Leaving out every picture, copy the lines of the material below exactly, from the line containing "LINDISFARNE MEAD - a" through the line containing "- E439-D1-2196◎ LONGINES".

(INFORMATION SHOWN)
= = =

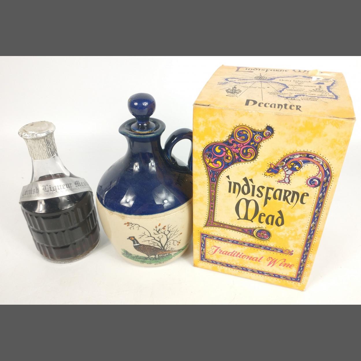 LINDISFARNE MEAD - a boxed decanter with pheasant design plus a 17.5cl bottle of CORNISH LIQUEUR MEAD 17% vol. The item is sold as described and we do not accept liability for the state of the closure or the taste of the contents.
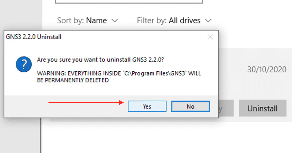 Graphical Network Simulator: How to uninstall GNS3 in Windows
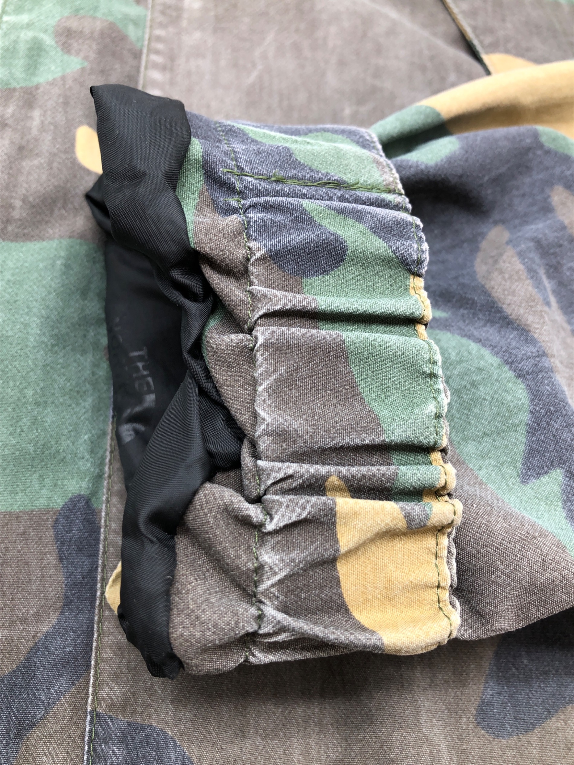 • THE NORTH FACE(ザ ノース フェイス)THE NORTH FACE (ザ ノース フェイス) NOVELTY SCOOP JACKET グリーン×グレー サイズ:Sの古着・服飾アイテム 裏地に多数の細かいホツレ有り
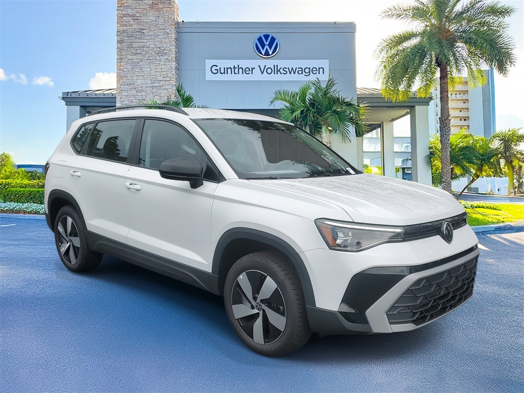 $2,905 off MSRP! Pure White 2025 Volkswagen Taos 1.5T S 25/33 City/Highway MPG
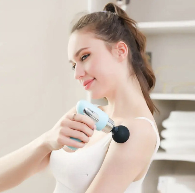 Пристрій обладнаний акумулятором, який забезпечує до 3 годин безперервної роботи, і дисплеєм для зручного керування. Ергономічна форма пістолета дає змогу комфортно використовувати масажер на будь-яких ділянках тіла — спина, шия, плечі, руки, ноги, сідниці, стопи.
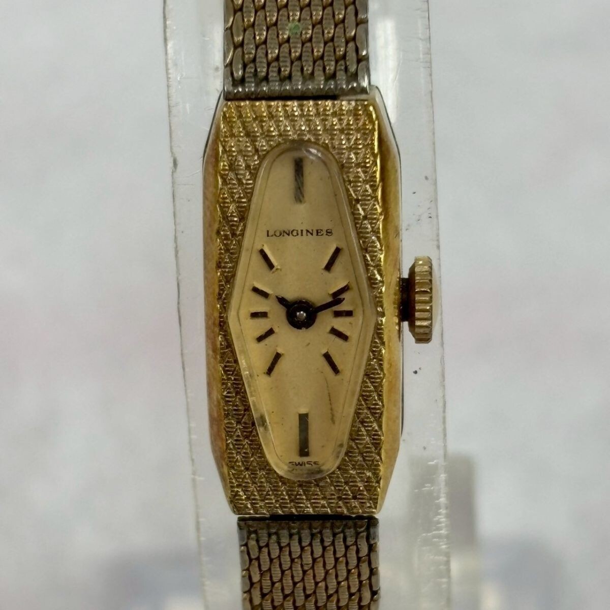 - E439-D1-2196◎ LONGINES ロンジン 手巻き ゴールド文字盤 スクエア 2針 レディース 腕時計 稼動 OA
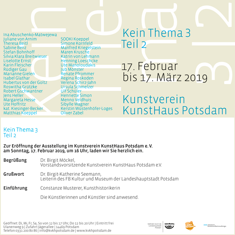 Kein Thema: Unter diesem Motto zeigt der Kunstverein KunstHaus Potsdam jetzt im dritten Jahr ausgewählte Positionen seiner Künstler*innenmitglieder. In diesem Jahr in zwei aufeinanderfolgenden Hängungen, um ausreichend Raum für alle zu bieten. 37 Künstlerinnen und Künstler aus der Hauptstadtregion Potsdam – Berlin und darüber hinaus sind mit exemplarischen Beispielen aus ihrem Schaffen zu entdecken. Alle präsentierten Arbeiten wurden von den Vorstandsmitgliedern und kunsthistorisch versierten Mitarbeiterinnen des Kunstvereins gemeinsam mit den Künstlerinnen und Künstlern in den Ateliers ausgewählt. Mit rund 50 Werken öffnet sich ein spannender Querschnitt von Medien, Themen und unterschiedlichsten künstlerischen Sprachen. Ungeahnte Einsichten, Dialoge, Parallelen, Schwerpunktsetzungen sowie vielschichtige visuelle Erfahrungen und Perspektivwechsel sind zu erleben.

= = =

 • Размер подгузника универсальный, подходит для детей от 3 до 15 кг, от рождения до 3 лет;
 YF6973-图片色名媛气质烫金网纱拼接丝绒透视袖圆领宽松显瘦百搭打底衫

= = =

(FINAL ANSWER)
 LINDISFARNE MEAD - a boxed decanter with pheasant design plus a 17.5cl bottle of CORNISH LIQUEUR MEAD 17% vol. The item is sold as described and we do not accept liability for the state of the closure or the taste of the contents.
 Graphical Network Simulator: How to uninstall GNS3 in Windows
 • THE NORTH FACE(ザ ノース フェイス)THE NORTH FACE (ザ ノース フェイス) NOVELTY SCOOP JACKET グリーン×グレー サイズ:Sの古着・服飾アイテム 裏地に多数の細かいホツレ有り
 $2,905 off MSRP! Pure White 2025 Volkswagen Taos 1.5T S 25/33 City/Highway MPG
 Пристрій обладнаний акумулятором, який забезпечує до 3 годин безперервної роботи, і дисплеєм для зручного керування. Ергономічна форма пістолета дає змогу комфортно використовувати масажер на будь-яких ділянках тіла — спина, шия, плечі, руки, ноги, сідниці, стопи.
 - E439-D1-2196◎ LONGINES ロンジン 手巻き ゴールド文字盤 スクエア 2針 レディース 腕時計 稼動 OA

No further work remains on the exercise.